Technique 2. Use caching, when necessary
There are scenarios where it is beneficial to cache a data frame in memory and not have to read it into memory each time. Let’s consider the previous data repartition example
pyspark --num-executors=2 # start pyspark shell
parkViolations = spark.read.option("header", True).csv("/input/")
parkViolationsPlateTypeDF = parkViolations.repartition(87, "Plate Type")
plateTypeCountDF = parkViolationsPlateTypeDF.groupBy("Plate Type").count()
plateTypeCountDF.write.format("com.databricks.spark.csv").option("header", True).mode("overwrite").save("/output/plate_type_count.csv")

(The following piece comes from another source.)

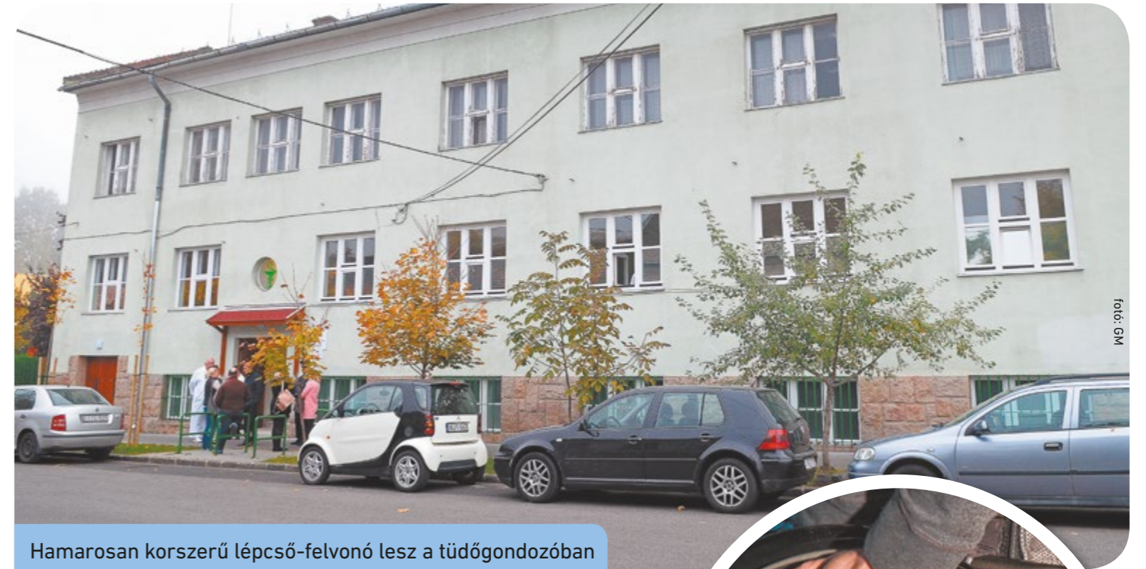
Hamarosan korszerű lépcső-felvonó lesz a tüdőgondozóban

# we also do a average aggregation
plateTypeAvgDF = parkViolationsPlateTypeDF.groupBy("Plate Type").avg() # avg is not meaningful here, but used just as an aggregation example
plateTypeAvgDF.write.format("com.databricks.spark.csv").option("header", True).mode("overwrite").save("/output/plate_type_avg.csv")
exit()
Let’s check the Spark UI for the write operation on plateTypeCountDF
and plateTypeAvgDF
dataframe.
Saving plateTypeCountDF without cache
Saving plateTypeAvgDF without cache
You will see that we are redoing the repartition
step each time for plateTypeCountDF
and plateTypeAvgDF
dataframe. We can prevent the second repartition by caching the result of the first repartition, as shown below
pyspark --num-executors=2 # start pyspark shell
parkViolations = spark.read.option("header", True).csv("/input/")

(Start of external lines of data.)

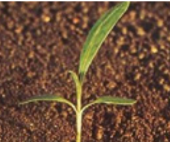
Dvornik - Polygonum spp.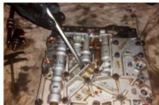
De ML-bak zat vol met slijpsel, waardoor de ventielen bleven hangen. Het is bij vooral jonge auto's vaak moeilijk om precies hetzelfde type tweedehands automaat te vinden. Hoe ouder de auto, des te meer aanbod van tweedehands bakken.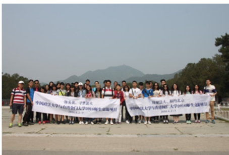
↑06/04 參訪學生集體大合照 1

parkViolationsPlateTypeDF = parkViolations.repartition(87, "Plate Type")
cachedDF = parkViolationsPlateTypeDF.select('Plate Type').cache() # we are caching only the required field of the dataframe in memory to keep cache size small
plateTypeCountDF = cachedDF.groupBy("Plate Type").count()
plateTypeCountDF.write.format("com.databricks.spark.csv").option("header", True).mode("overwrite").save("/output/plate_type_count.csv")
# we also do a average aggregation
plateTypeAvgDF = cachedDF.groupBy("Plate Type").avg() # avg is not meaningful here, but used just as an aggregation example
plateTypeAvgDF.write.format("com.databricks.spark.csv").option("header", True).mode("overwrite").save("/output/plate_type_avg.csv")
exit()
If your process involves multiple Apache Spark jobs having to read from parkViolationsPlateTypeDF
you can also save it to the disk in your HDFS cluster
, so that in the other jobs you can perform groupby
without repartition.
Let’s check the Spark UI for the write operation on plateTypeCountDF
and plateTypeAvgDF
dataframe.
Saving plateTypeCountDF with cache
Saving plateTypeAvgDF with cache
Here you will see that the construction of plateTypeAvgDF
dataframe does not involve the file scan and repartition, because that dataframe parkViolationsPlateTypeDF
is already in the cluster memory. Note that here we are using the clusters cache memory. For very large dataframes we can use persist
method to save the dataframe using a combination of cache and disk if necessary. Caching a dataframe avoids having to re-read the dataframe into memory for processing, but the tradeoff is the fact that the Apache Spark cluster now holds an entire dataframe in memory.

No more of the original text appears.